Work task:
In this exercise, return the whole listing exactly, excluding any images.
### Supplied information
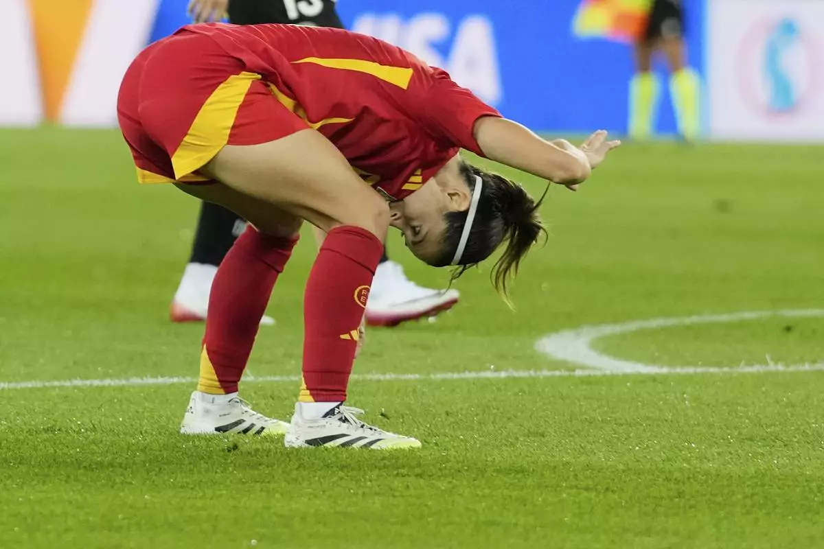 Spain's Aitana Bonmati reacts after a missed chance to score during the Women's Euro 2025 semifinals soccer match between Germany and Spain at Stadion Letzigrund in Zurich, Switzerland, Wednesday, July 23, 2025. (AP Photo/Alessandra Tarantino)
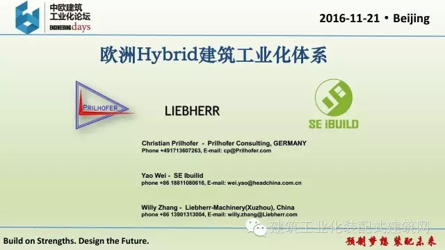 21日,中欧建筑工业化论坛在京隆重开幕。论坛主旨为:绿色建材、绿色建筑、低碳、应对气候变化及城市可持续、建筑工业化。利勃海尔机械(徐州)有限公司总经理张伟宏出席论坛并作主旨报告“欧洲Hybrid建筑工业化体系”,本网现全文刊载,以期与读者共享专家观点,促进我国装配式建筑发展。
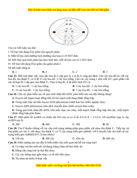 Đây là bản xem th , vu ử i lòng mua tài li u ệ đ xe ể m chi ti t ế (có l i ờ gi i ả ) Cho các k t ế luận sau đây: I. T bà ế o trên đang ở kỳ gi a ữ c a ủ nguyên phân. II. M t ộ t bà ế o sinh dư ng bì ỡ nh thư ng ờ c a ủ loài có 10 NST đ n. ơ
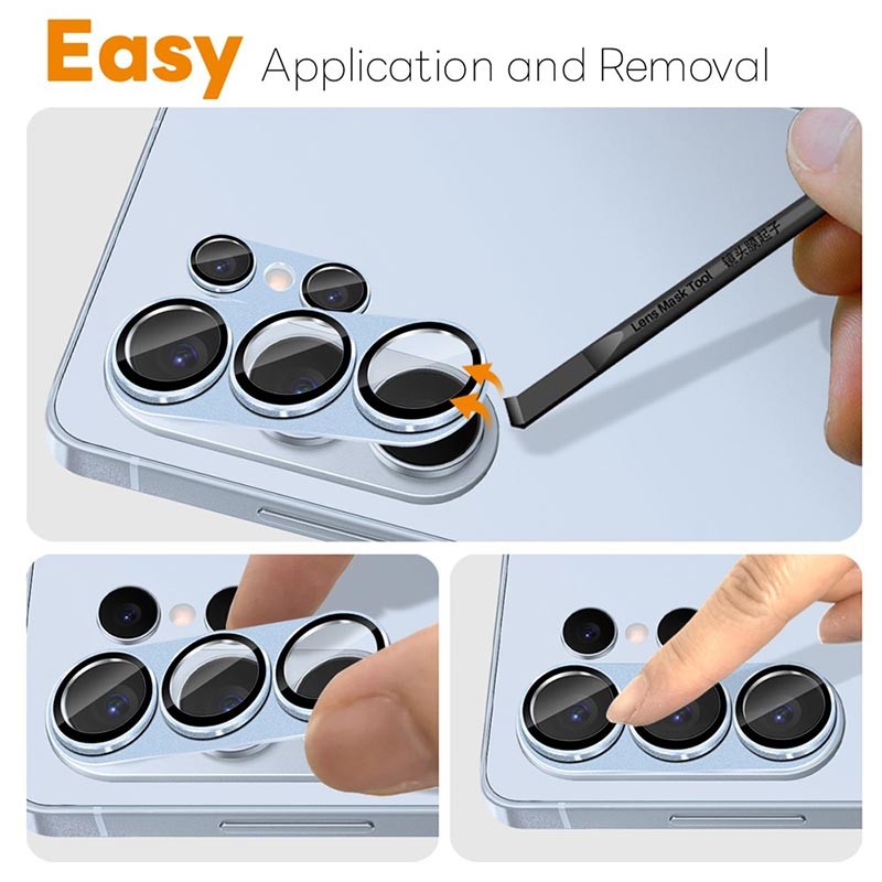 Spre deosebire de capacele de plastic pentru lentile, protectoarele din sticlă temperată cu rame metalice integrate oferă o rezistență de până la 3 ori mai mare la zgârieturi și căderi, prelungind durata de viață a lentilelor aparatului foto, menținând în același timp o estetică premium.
######
Response below:
 Spain's Aitana Bonmati reacts after a missed chance to score during the Women's Euro 2025 semifinals soccer match between Germany and Spain at Stadion Letzigrund in Zurich, Switzerland, Wednesday, July 23, 2025. (AP Photo/Alessandra Tarantino)
 21日,中欧建筑工业化论坛在京隆重开幕。论坛主旨为:绿色建材、绿色建筑、低碳、应对气候变化及城市可持续、建筑工业化。利勃海尔机械(徐州)有限公司总经理张伟宏出席论坛并作主旨报告“欧洲Hybrid建筑工业化体系”,本网现全文刊载,以期与读者共享专家观点,促进我国装配式建筑发展。
 Đây là bản xem th , vu ử i lòng mua tài li u ệ đ xe ể m chi ti t ế (có l i ờ gi i ả ) Cho các k t ế luận sau đây: I. T bà ế o trên đang ở kỳ gi a ữ c a ủ nguyên phân. II. M t ộ t bà ế o sinh dư ng bì ỡ nh thư ng ờ c a ủ loài có 10 NST đ n. ơ
 Spre deosebire de capacele de plastic pentru lentile, protectoarele din sticlă temperată cu rame metalice integrate oferă o rezistență de până la 3 ori mai mare la zgârieturi și căderi, prelungind durata de viață a lentilelor aparatului foto, menținând în același timp o estetică premium.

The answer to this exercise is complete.